Capone: I think the organization has been very clear on what the benefits of both products are. We'll engage customers the way they want to be engaged. If they're happy in QlikView, that's fine. If they want to move their apps to Qlik Sense, we'll help them do that.

It sounds like you're going after the self-service customers who can easily access data through your application. Is that your target market, or are you looking to get more data scientists?

Capone: We want it all; we're not shy about that. We have the small business covered -- that is, people who want to build apps and use the tool. We've got the enterprise-space users who want to do it themselves.

For data scientists, there are two approaches. We have APIs to R and SAS so people can build routines. If you really want a hardcore statistical function, we wouldn't build that -- we would just build an API to R or SAS and let them do that. It covers the real sophisticated data science use cases.

But then we are building more cognitive algorithmic capability into our platform as well, and those would be things that are proprietary to us. Things like how do you make associations beyond our engine today and make suggestions? Those are the types of things we're building.
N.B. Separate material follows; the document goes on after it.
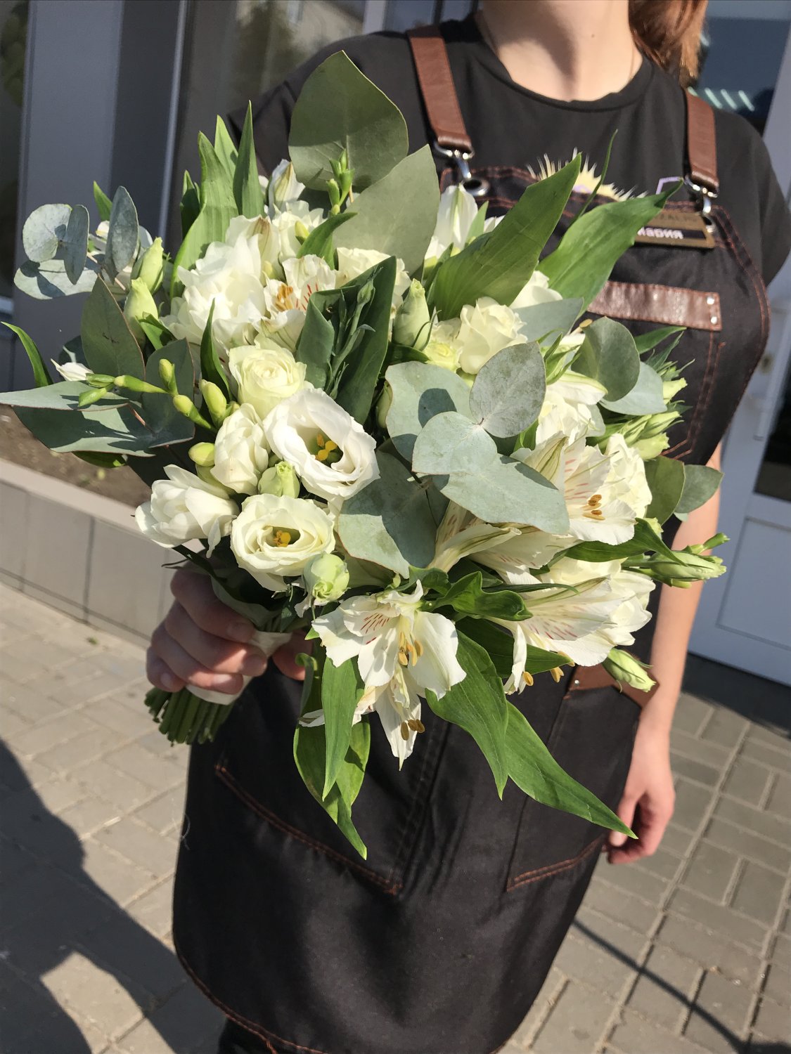 Состав: Лизиантус, Альстромерия, Фрезия, Эвкалипт, лента.

So you do see room to improve the Qlik software products?

There's always room to do enhancements. I think we're just scratching the surface in terms of what's going to happen with data.
Mike CaponeCEO, Qlik

Capone: There's always room to do enhancements. With IoT [internet of things] and the data sets that are coming out there, and the ability to start to manage large data sets and build algorithms around them, I think it's huge. And I think we're just scratching the surface in terms of what's going to happen with data.
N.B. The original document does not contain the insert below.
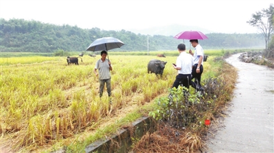 王炎生带我们去看他放养的牛。隔着几亩稻田,远远就能看到几头牛。我们担心路太远,老人行走不便。没想到,老人拿着棍子在前面探路,走得又快又稳。而且,他还专在路边走,不走路中间,一点也不怕跌到田里。“他越在路边走,就越知道路,哪里拐弯抹角都清楚。”随行的赤壁农商行茶庵支行行长宋伟星说,他们经常来了解老人的养牛情况,申报贴息材料,很熟悉王炎生的走路习性。

The enhancements I'm talking about, being able to scale massively, taking advantage of Linux containers inside of AWS, they're not deficiencies in the product today, but it's going to get us ready to catch this next wave in analytics. It's going to be crazy. The amount of data we're capturing, there are things that we don't know today that we're going to discover because we start looking at data differently.

What's on the roadmap that people should be excited about?

Capone: The three major things: hybrid cloud, cognitive capabilities that start steering you toward the types of visualization you want and what you should do next, and the Big Data Index. That's the ability to handle massively large data sets in a seamless way. If you've captured data somewhere, you don't want to have to move that data somewhere else. So the ability to use our Big Data Index to get that data, build metadata around it and use our tools on it in place is what's coming.

Some industry analysts say the tools of today's BI leaders don't necessarily translate to the big data world. What's your take on that? Do the tools translate, or do you have to translate them?

Capone: We are building capabilities that I think will start to translate. We don't have a closed architecture, and we have interesting partnerships with [big data platform vendors] Hortonworks and Cloudera so you can use our product in conjunction with another technology that might be able to handle big data sets different if that's your choice.

There'll never be one size fits all to these problems. We want to be able to get you the outcome, and we do think there will be use cases where you have a really large data set and you can use Qlik to go out and get it.